Required work
Transcribe the listing in full, excluding any pictures.

Data segment
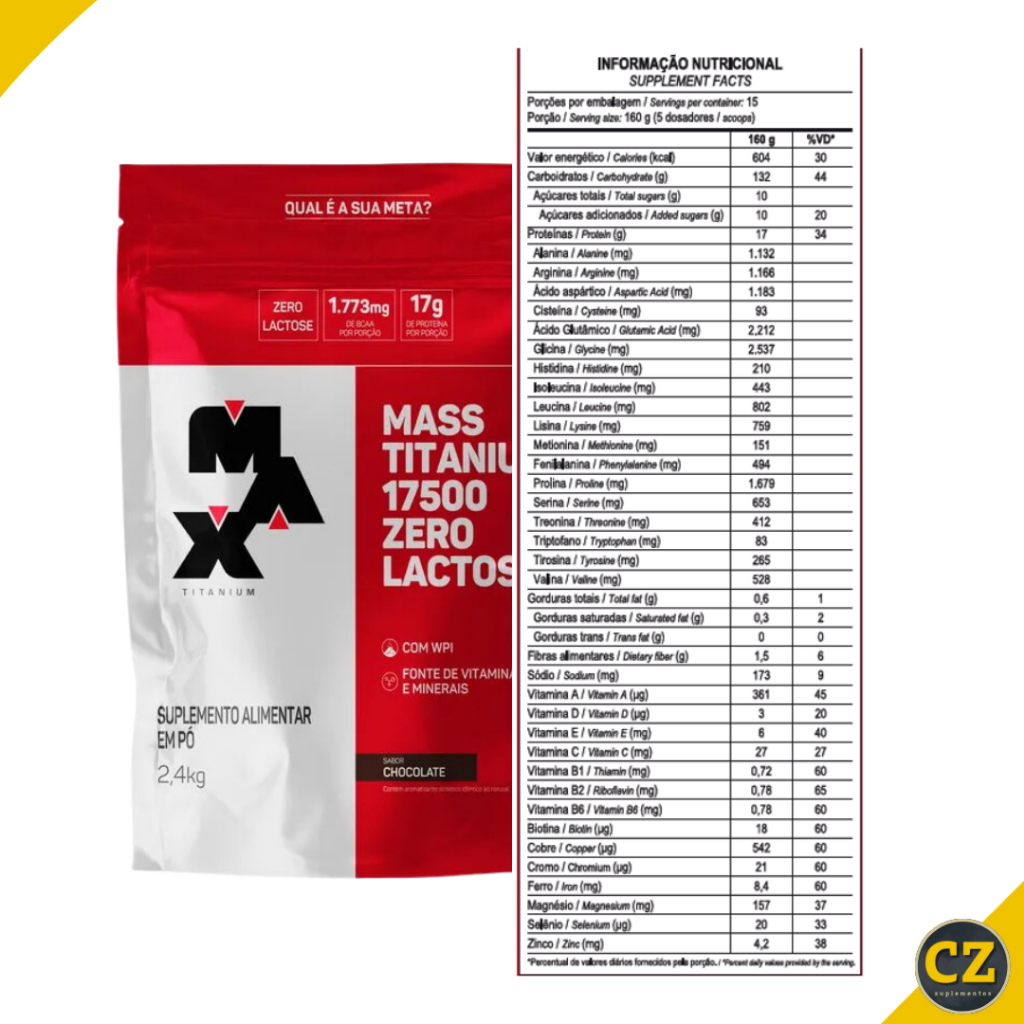 Mass Titanium 17500 Zero Lactose (2,4kg) - Max Titanium
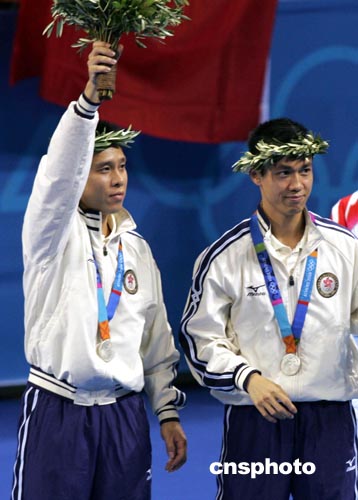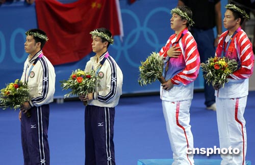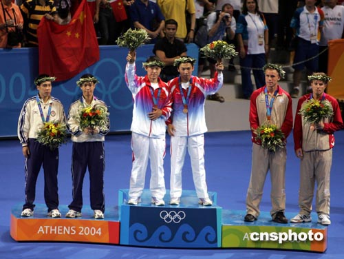 雅典當地時間8月21日下午,中國乒乓球選手馬琳、陳玘在男雙決賽中以4比2戰(zhàn)勝香港選手李靜、高禮澤,獲得本屆奧運會男子雙打冠軍。中新社記者:任晨鳴
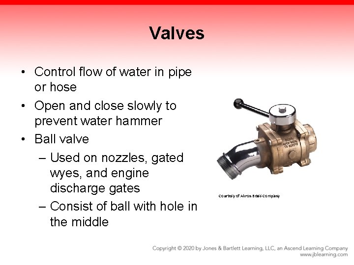 Valves • Control flow of water in pipe or hose • Open and close slowly to prevent water hammer • Ball valve – Used on nozzles, gated wyes, and engine discharge gates – Consist of ball with hole in the middle Courtesy of Akron Brass Company
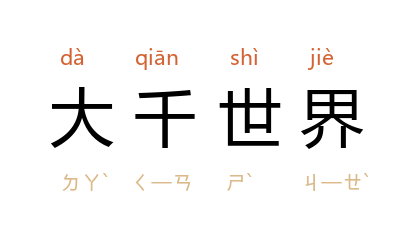 例合四大洲七山八海为一小世界,合小世界一千曰小千世界。合小千世界一千,曰中千世界。合中千世界一千,曰大千世界。其成立及破灭,皆属同时。——《智度论及具舍论》

Answer section
 Mass Titanium 17500 Zero Lactose (2,4kg) - Max Titanium
 雅典當地時間8月21日下午,中國乒乓球選手馬琳、陳玘在男雙決賽中以4比2戰(zhàn)勝香港選手李靜、高禮澤,獲得本屆奧運會男子雙打冠軍。中新社記者:任晨鳴
 Valves • Control flow of water in pipe or hose • Open and close slowly to prevent water hammer • Ball valve – Used on nozzles, gated wyes, and engine discharge gates – Consist of ball with hole in the middle Courtesy of Akron Brass Company
 例合四大洲七山八海为一小世界,合小世界一千曰小千世界。合小千世界一千,曰中千世界。合中千世界一千,曰大千世界。其成立及破灭,皆属同时。——《智度论及具舍论》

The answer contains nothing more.